The software did not work as Trans-Care expected, and so Trans-Care attempted to exercise an option to terminate the agreement. Digitech believed that Trans-Care had no such option and that its attempted termination was a breach of the contract. It sued, and Trans-Care shot back with a counterclaim for fraud. The court, acting through a magistrate judge presiding by the consent of the parties under 28 U.S.C. § 636(c), dis-missed Trans-Care's claim for fraud and found for Digitech on the breach of contract claim. The court then awarded Digitech fees under the contract, including attorneys' fees for pursuing the contractual damages. It refused, however, to award Digitech any attorneys' fees for defending the counterclaim. Both parties appeal. Trans-Care challenges the decision on fraud, breach of contract, and the amount of damages awarded. Digitech challenges the limited award of attorneys' fees. We affirm the decisions on fraud and breach of contract, but we vacate the damages award and remand for further proceedings.
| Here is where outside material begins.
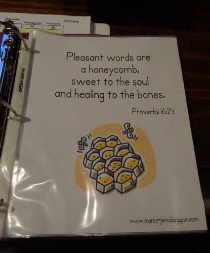 I found on Mama-Jenn's blog these proverb sheet printables, created to go specifically with MFW 1st grade. So, we print them out and are creating a binder with them. They are all placed in sheet protectors so they will easily last for our entire 1st grade year. Every day we say the new verse and 2 or 3 times a week we go back over all the memory verses from the beginning of the year. Here is a picture of Mama Jenn's picture for week #5. Caleb laughs at this one every time!

After some preliminary exchanges, Digitech sent an initial proposal to Trans-Care on February 3, 2006. That proposal set out the basic features of Digitech's dispatch and billing software and details on pricing; it also included a provision that the parties have described as a 90-day satisfaction guarantee. This guarantee stated that during the first 90 days, billing would be limited to programming charges; within that period, if Trans-Care was not completely satisfied, it could walk away from the contract without paying any software licensing fees.
This initial proposal did not purport to be a take-it-or-leave-it contract; instead, it launched a period of extensive negotiations between the parties, which ended when Digitech sent Trans-Care the final Agreement dated May 8, 2006. Trans-Care signed and returned it, along with a purchase order. The purchase order concluded with the following "Additional Conditions": "The Proposal and clarifications of Digitech are attached to this purchase order and incorporated herein." It also represented that Digitech would "fulfill all requirements and specifications as represented in the Agreement, proposal and clarification . . . ." The purchase order allowed deviations, but only after advance approval from the President of Trans-Care or his designee.
The Agreement stated that it was to run for three years starting May 8, 2006. Trans-Care's obligation to make monthly software licensing payments was to begin 90 days after the software was installed. For its part, Digitech could "suspend or terminate" the software products and services in the event that Trans-Care was delinquent in payment for 60 days. The Agreement provided that Digitech could recover attorneys' fees for "collections of any unpaid balances." Finally, it required notice and the opportunity to cure before termination.
The parties planned to go live with the software on August 1, 2006, but it was not until January 1, 2007, that the software was finally up and running. Even after this, the software was plagued with malfunctions relating to, among other things, transferring data from Trans-Care's previous software system, training Trans-Care employees to use the system, and operating the system to fit Trans-Care's regular needs. In light of these problems, on March 1, 2007, Trans-Care attempted to exercise its opportunity to walk away from the arrangement within the 90-day "guarantee" period. But that provision had not been repeated in the Agreement, and so Digitech refused to honor it. Trans-Care parried by withholding its payments to Digitech. Finally, on April 3, 2007, Digitech locked the software because of Trans-Care's failure to make the contractual payments.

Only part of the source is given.